F.Review the patient’s recent history for exertion, emotional stress, surgical trauma, fever, and any acute illness.
G.When was the patient’s last evaluation for cholesterol? Is he or she on any special diet?
H.Review medication list, including prescribed and over-the-counter (OTC) medications and herbal products.
I.Review the patient’s occupational exposure, smoking history, and risk factors for infectious diseases.
Physical Examination
The patient’s physical examination may have few abnormalities unless there are features of multisystem disease:
A.Check temperature (if indicated), erect and supine blood pressure, pulse, respirations, and weight (massive weight gain because of fluid is very common).
B.Inspect:
1.Inspect overall general appearance for edema (pedal, hand, facial, or periorbital edema), butterfly rash [lupus], or ascites.
2.Evaluate for protein wasting.
3.Evaluate for jugular vein distension.
4.Funduscopic exam: Evaluate for retinopathy.
5.Inspect for pharyngitis.
C.Auscultate:
1.Assess heart.
2.Assess lungs (may have decreased breath sounds because of pleural effusions).
D.Palpate:
1.Examine the abdomen; evaluate bladder distension, suprapubic tenderness, masses, or ascites; check abdominal tenderness.

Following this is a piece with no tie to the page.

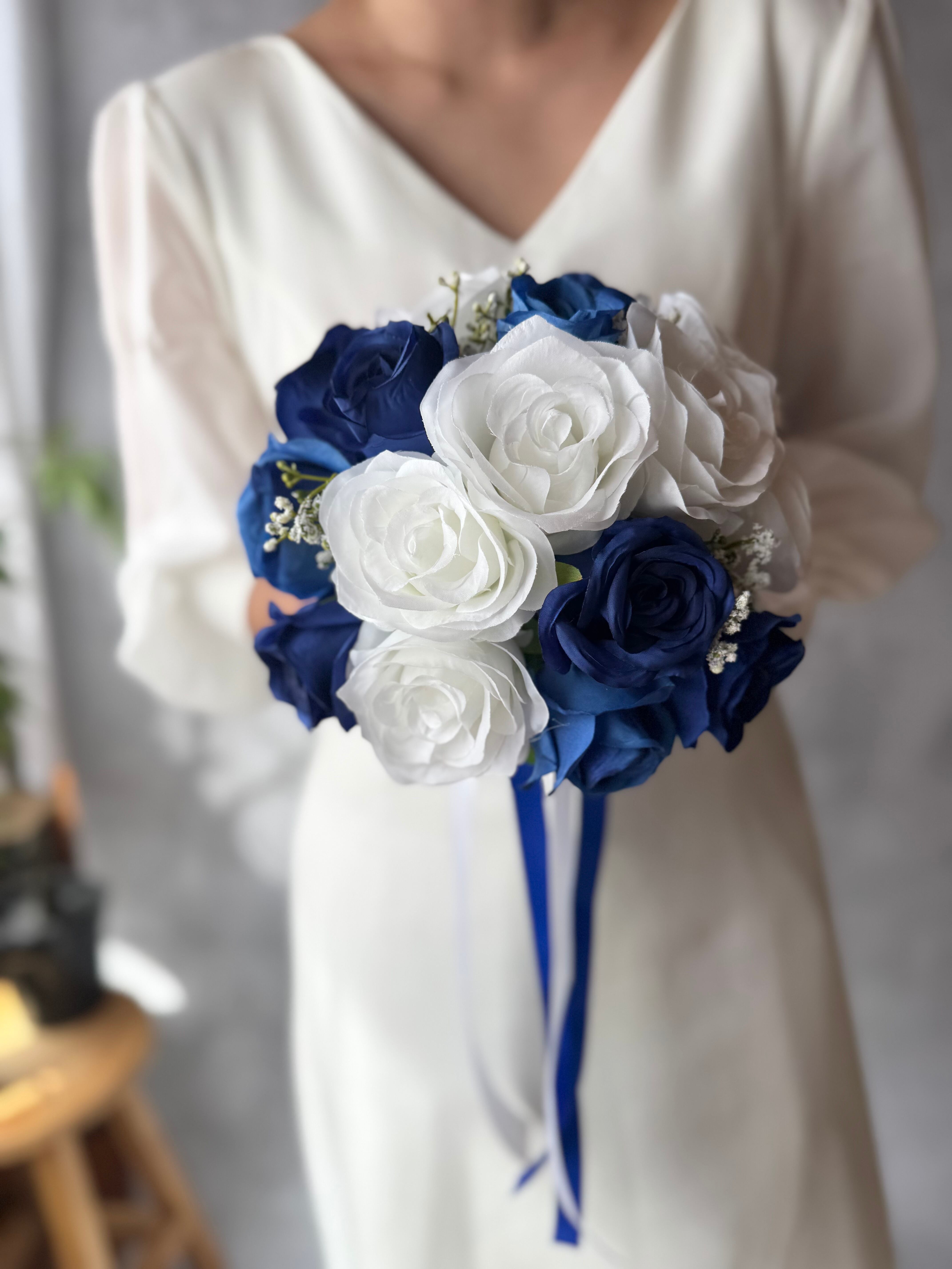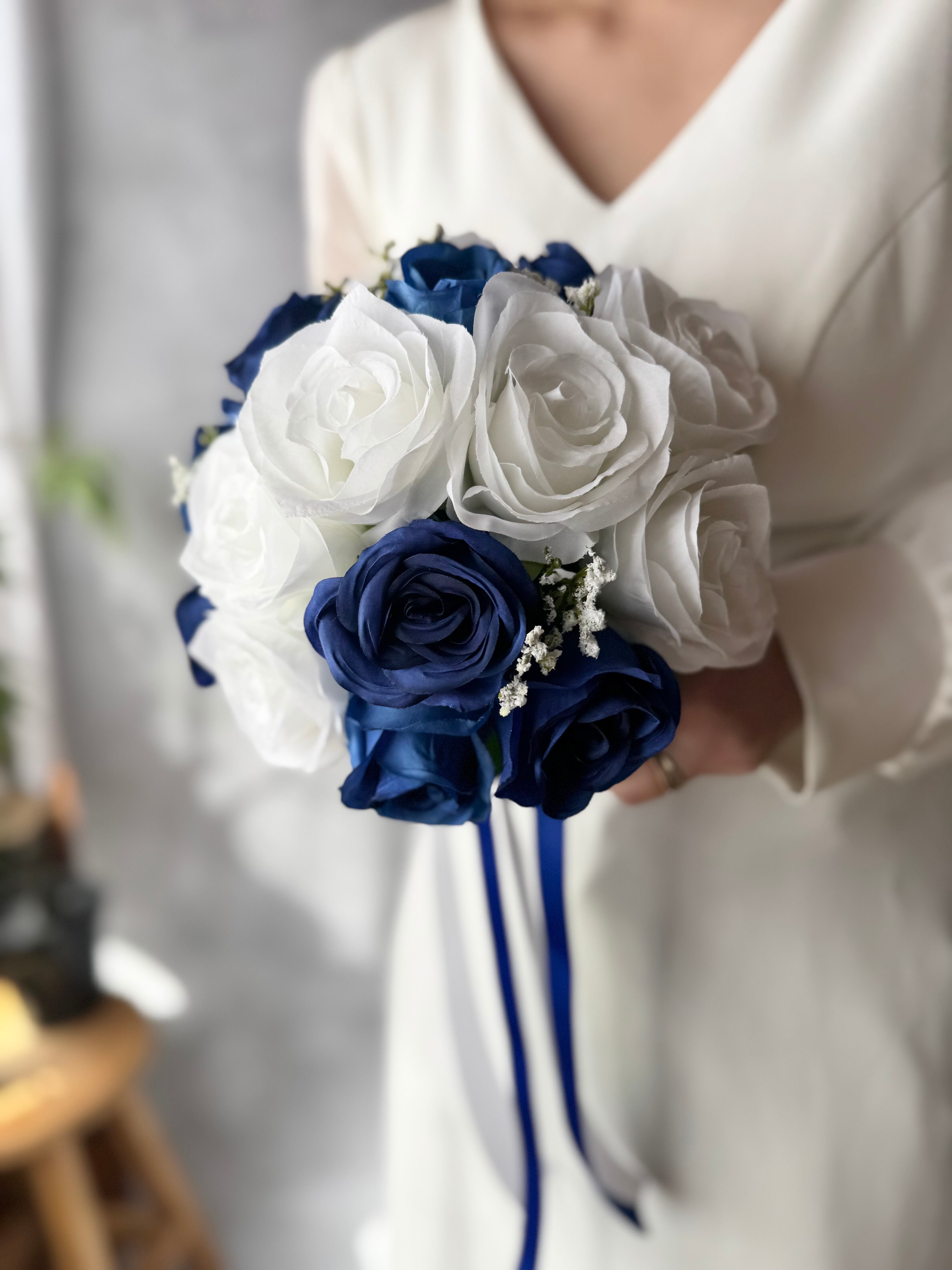 白のバラと生花では難しいブルーのバラ、上品で美しいラウンドブーケ

2.Palpate for costovertebral angle (CVA) tenderness.
3.Check deep tendon reflexes, especially in pregnant women.
Diagnostic Tests
A.Urine dipstick is a screening tool in the outpatient setting.
B.Single void spot
urine testing:
1.The first urine specimen of the morning is optimal and is guideline recommended. Evaluation of the first morning specimen excludes any postural effect on the protein component.
2.The gold standard for measurement of protein excretion is a 24-hour urine collection but is now being replaced by the easier to obtain and less complicated spot test. The 24-hour urine is considered impractical for generalized testing.
C.Polymerase chain reaction (PCR) test or albumin-to-creatinine ratio (ACR) test on a first morning or a random spot specimen. The PCR or ACR is useful in following trends in the patient’s proteinuria.
D.Complete blood count (CBC) and serum electrolytes.
E.Serum creatinine.
F.estimated glomerular filtration rate (eGFR): Uses a blood creatinine level along with age and values assigned to gender and race to calculate the estimate rate of urine filtration. The eGFR rate decreases with progressive kidney damage.
G.Lipid profile (high-density lipoprotein [HDL] and low-density lipoprotein [LDL]).
H.Blood urea nitrogen (BUN): Serves as an index of renal excretory capacity. Urea is the nitrogenous end product of protein metabolism.
I.Total protein.
J.Urinalysis, urine culture, and sensitivity (if indicated).
K.Ultrasound of the full urinary tract.
L.Screen for diabetes and other testing related to physical findings.